Built as a single Next.js 16 application deployed to the edge on Cloudflare Workers via OpenNext, with a full retrieval-augmented generation (RAG) pipeline and a template platform that evolved from markdown payloads to a fixed block grammar and section DAGs.
Showcase notice: This document describes the system design and representative implementation patterns. The public repository omits runnable application source, secrets, client payloads, and proprietary template copy. Operational runbooks and environment setup live alongside the full codebase when present.
- What it does
- System overview
- Stack and why
- Architecture evolution
- Key flows
- Auth and access control
- Edge runtime decisions
- Project shape
- Notable engineering decisions
- What I would improve next
- Ingest knowledge documents (PDF, Word, Excel) uploaded by signed-in users: extract text, chunk, embed, upsert vectors, persist originals and metadata in object storage.

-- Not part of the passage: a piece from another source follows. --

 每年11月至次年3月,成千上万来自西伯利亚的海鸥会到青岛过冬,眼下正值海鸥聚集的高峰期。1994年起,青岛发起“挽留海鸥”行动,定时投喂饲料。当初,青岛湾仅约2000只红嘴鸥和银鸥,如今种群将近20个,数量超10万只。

- Answer questions with optional workspace retrieval, chunk-level traceability back to source documents, and explicit "do not invent" grounding in the system prompt.

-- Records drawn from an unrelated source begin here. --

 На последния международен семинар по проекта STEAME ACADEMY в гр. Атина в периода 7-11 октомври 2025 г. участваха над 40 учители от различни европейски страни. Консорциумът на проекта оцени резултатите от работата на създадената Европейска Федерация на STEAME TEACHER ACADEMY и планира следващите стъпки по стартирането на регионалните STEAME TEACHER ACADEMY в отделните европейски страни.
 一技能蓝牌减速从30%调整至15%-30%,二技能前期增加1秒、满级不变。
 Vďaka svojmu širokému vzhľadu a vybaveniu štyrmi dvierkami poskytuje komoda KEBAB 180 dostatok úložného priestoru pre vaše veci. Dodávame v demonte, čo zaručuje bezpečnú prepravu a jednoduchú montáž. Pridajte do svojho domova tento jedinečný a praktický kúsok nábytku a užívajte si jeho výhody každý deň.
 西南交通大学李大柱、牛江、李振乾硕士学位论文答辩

- Manage a shared template catalog stored in object storage (not vectorized): JSON envelopes describing HTML or Excel document shells.
- Generate structured documents from chat using one of three strategies: conversational markdown, two-phase brief → document compose, or a section DAG for graph-registered templates.

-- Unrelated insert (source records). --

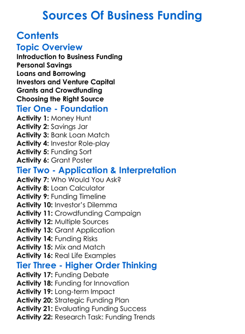 Sources Of Business Funding Worksheet Activity Booklet
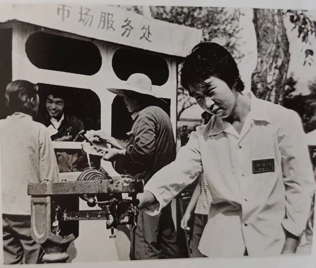 80 年代的农贸市场上,一位女市场监督管理员穿着统一的白色工作服,正在仔细检查小商贩的秤,确保交易公平。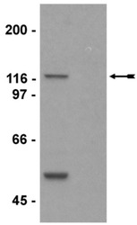 - Immunoblot Analysis: A431 cell lysates were resolved by electrophoresis, transferred to nitrocellulose and probed with anti p125Nap1 (1 μg/ml), Arrow indicates p125Nap1 (125kDa).Lane 1: anti p125Nap1 preincubated with 10μM immunizing peptide.Lane 2. Proteins were visualized using a Goat anti Rabbit secondary antibody conjugated to HRP and a chemiluminescence detection system.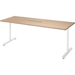 ■NAIKI ミーティングテーブル(配線付/長円テーブル モプト MP型/天板:シルクウッド 脚:クリアーホワイト/W1500×D750×H720〔品番:MP1575WRHWS〕【2145618:0】[送料別途見積り][法人・事業所限定][外直送][店頭受取不可]
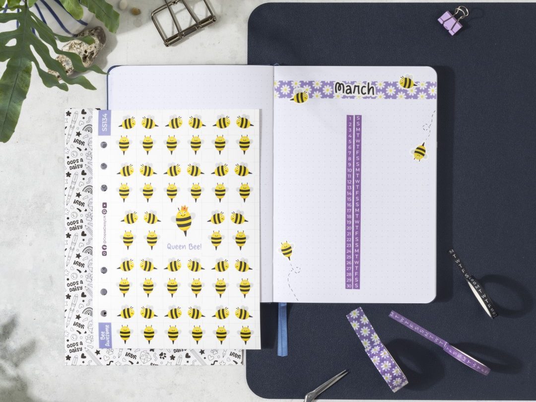Our functional tapes line up perfectly with a 5mm dot grid, and make it super quick and easy to add a monthly spread or tracker to your journal.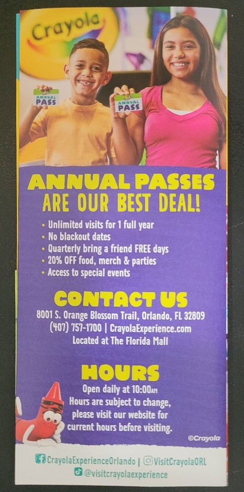 Crayola Experience Brochure Guide Flyer Orlando Florida NEW 2023 Coupon Map Uncirculated NEW Condition!!! Thank you for considering a purchase from us. We have been part of Ebay for over 20 years! (Oct 2002) We sell a variety of services, yes, it is a service, we are selling the service of picking up free maps and sending them to you for a small fee. Please see our other auctions for a variety of map set services. We invite you to ask questions about our services. All auctions are sent USPS First Class, no tracking. Latest 2023 Park Maps.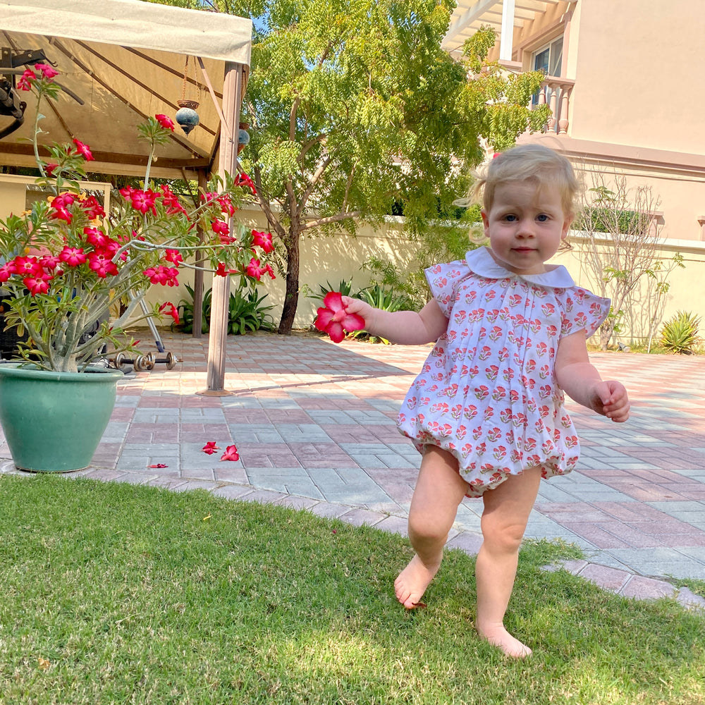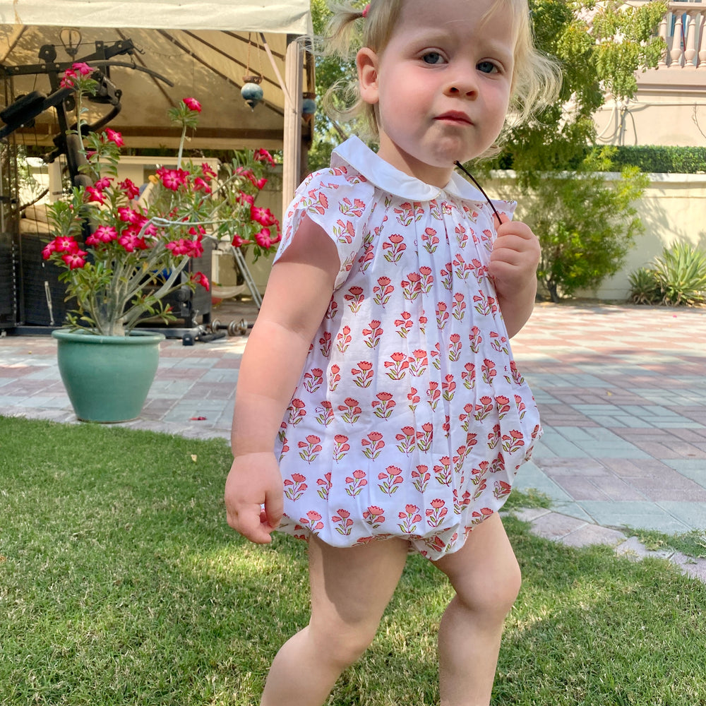 A really pretty girls romper new to the collection this Summer. The rompers are simple and sweet for everyday use in the Summer months and on holidays. The rompers are super versatile as well as being worn on its own they also look lovely under dungarees, shorts or a skirt.
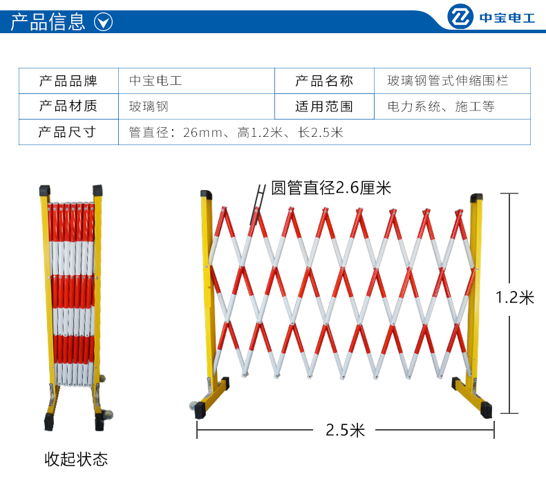 商品名称:中宝 绝缘伸缩围栏玻璃钢防护栏 施工移动伸缩2.5米安全围栏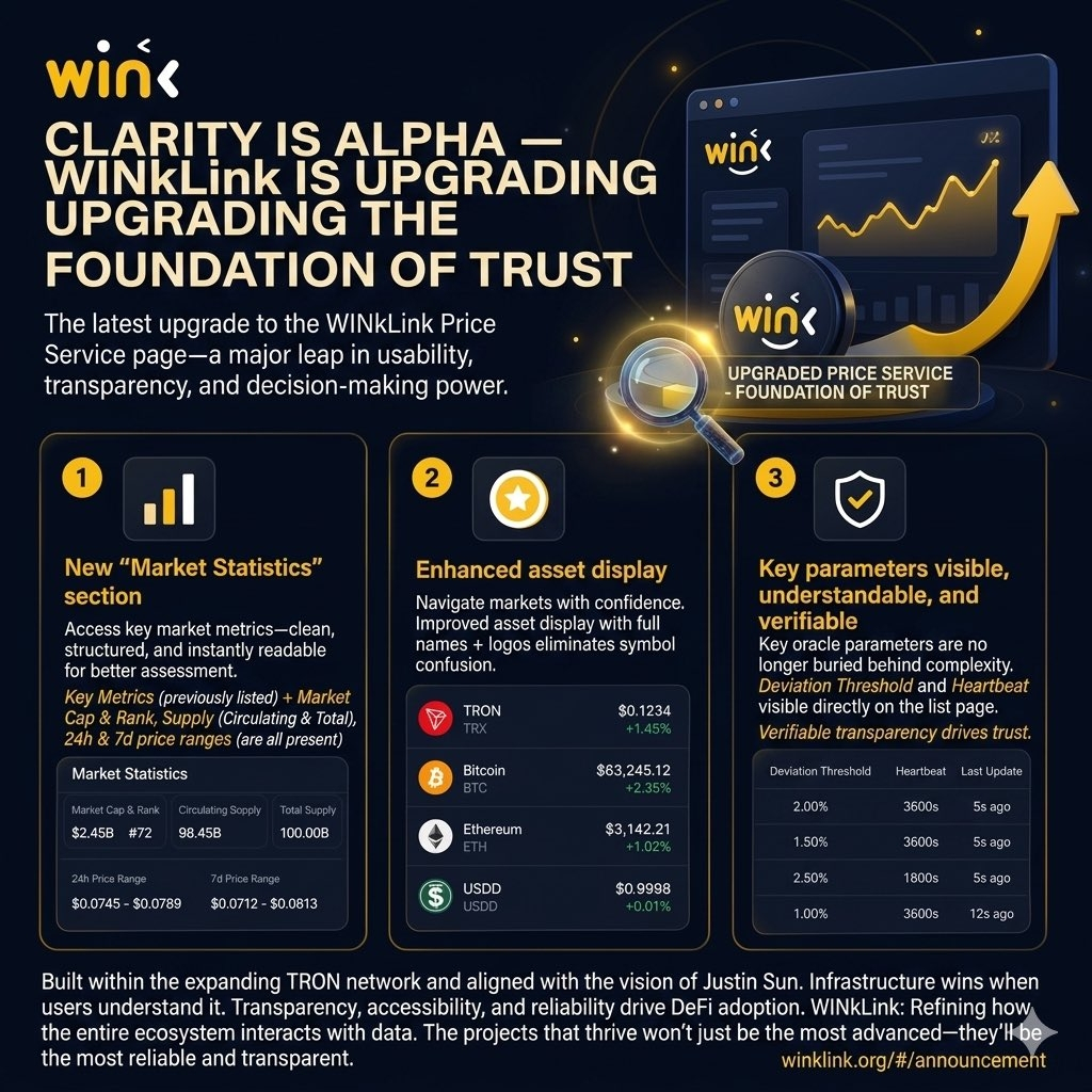 The latest upgrade to the WINkLink Price Service page might look like a simple UI refresh—but underneath, it’s a major leap in usability, transparency, and decision-making power.

- Preview and export PDFs using the same React renderer and theme CSS in the dashboard and on a tokenized print route, with headless Chromium on Cloudflare Browser Rendering.
Everything runs behind Google OAuth with a server-side email/domain allowlist. There is no anonymous path to model calls or mutating APIs.
┌──────────────────────────────┐
│ Next.js 16 (App Router) │
│ React 19 + Tailwind v4 │
│ shadcn/ui + Base UI │
└──────────────┬───────────────┘
│ Route Handlers / Server Actions
▼
┌──────────────────────────────────────────────────────────┐
│ @opennextjs/cloudflare Worker │
│ (nodejs_compat, global_fetch_strictly_public) │
└───┬─────────────┬─────────────┬──────────────┬───────────┘
│ │ │ │
┌──────▼─────┐ ┌─────▼──────┐ ┌────▼──────┐ ┌─────▼────────────┐
│ Cloudflare │ │ Pinecone │ │ OpenAI │ │ Anthropic │
│ R2 │ │ (vectors) │ │(embeddings│ │ (Claude) │
│ documents, │ │ │ │ 1536-d) │ │ │
│ templates, │ │ │ │ │ │ │
│ print sess.│ │ │ │ │ │ │
└────────────┘ └────────────┘ └───────────┘ └──────────────────┘
│
│ POST /api/templates/export/pdf
▼
┌──────────────────────┐
│ Browser Rendering │
│ (Puppeteer pdf()) │──► GET /print/document/:sessionId?token=…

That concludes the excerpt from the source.